On top of this, the threshold for many diseases, such as diabetes, hypertension and hyperlipidaemia, have continually shifted downward, becoming ever more inclusive.
All of this has led to what the authors of this book call an “epidemic of diagnosis”. Today, people don’t just have diseases, they have pre-diseases: pre-diabetes, pre-hypertension, pre-obesity. In the face of pre-disease, otherwise healthy people seek treatment for potential ailments that show no symptoms, and maybe never will.

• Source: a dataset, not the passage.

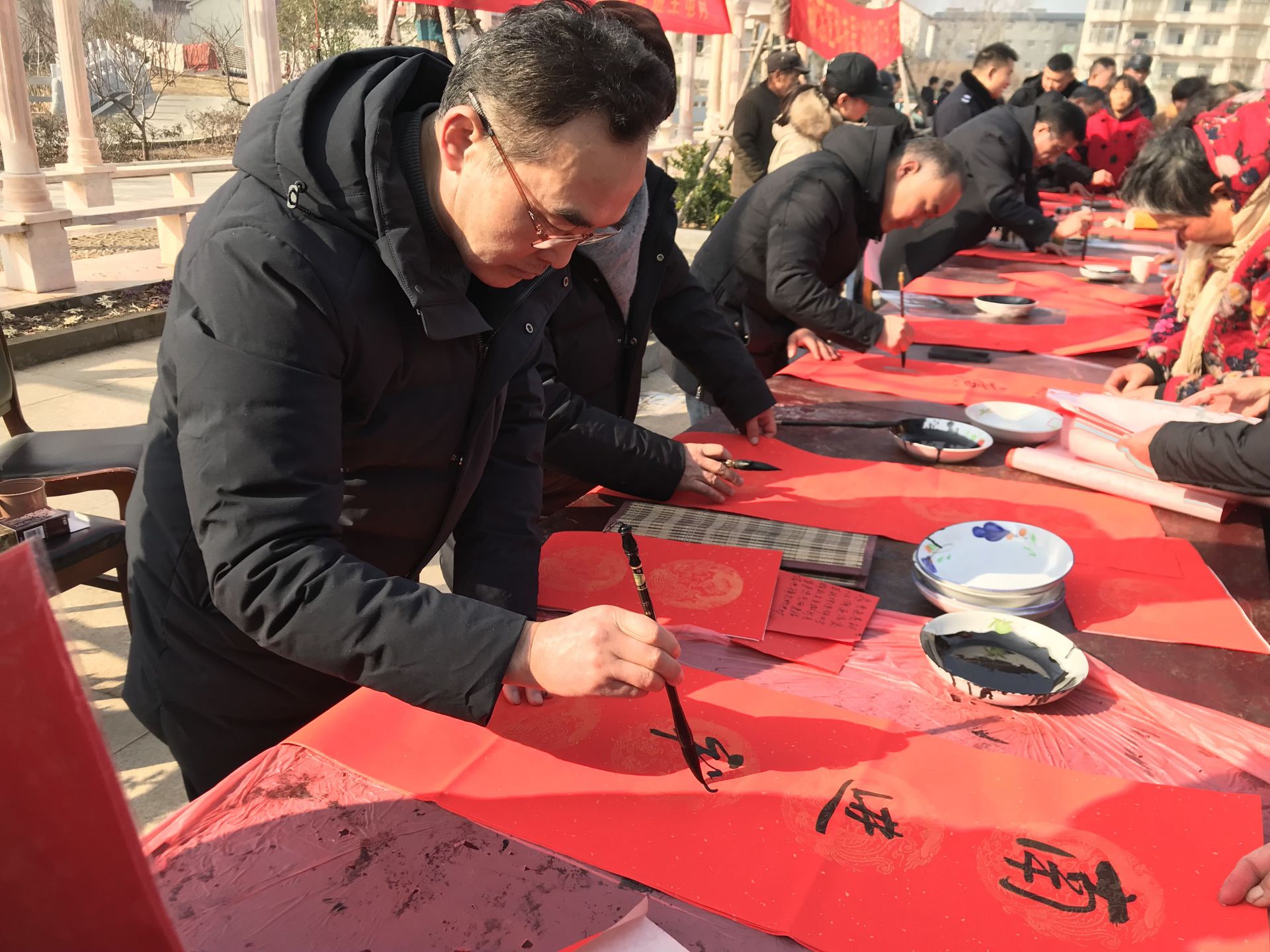 在活动现场,文体部门精心编排了内容丰富、形式多样、群众喜闻乐见的文艺节目,节目内容积极向上,充分反映了社会发展的新变化和新成就;农业农村局、科技、科协等部门将宣传党的十九大精神同为农民科技服务、政策服务相结合,现场向发放科普、种植养殖等相关宣传资料,向村民介绍小麦、果木的良种培育、种植技术和农药使用等问题;卫健部门组织卫生服务人员为群众免费体检、诊疗;司法部门组织法律工作者通过咨询等方式现场解答群众普遍关心的民生问题,为群众提供政策法律服务;来自区文联的书法爱好者们则泼墨挥毫,为父老乡亲免费书写春联,前来求取手写春联的乡亲们络绎不绝、供不应求。

We are all becoming the worried well, spurred on by doctors, patient advocacy groups, pharmaceutical companies and the media. “Is informing the well about their risks for disease really the road map to a healthy society?” the authors wonder. “Is it healthy for the young to focus on their likely causes of death years before it occurs?”
The book makes it clear that if a person has symptoms, they should get a diagnosis from their doctor. And, certainly, it recognises the benefit in diagnosing the silent conditions that often show no symptoms, such as hypertension.
But it argues against the constant changes to disease thresholds, which define more and more people as patients in need of medication or treatment. When, in 1997, the definition of diabetes changed from a fasting blood sugar level of 140 milligrams per decilitre to 126 mg/dl, 1.6 million Americans became diabetic at the stroke of a pen. Being classified as ill creates anxiety, and being treated with drugs, operations or other therapies can create unnecessary risk.
H. Gilbert Welch, the lead author, is no cheap contrarian, though. As a primary care physician in Vermont, he has seen the ill effects that come with treating patients too early, and he is brave enough to provide some of his own case studies as cautionary tales. Is this the beginning of a movement to change the entrenched view in medicine that no diagnosis can come too early? Probably not, but it is a courageous and carefully crafted argument from a deeply humane physician.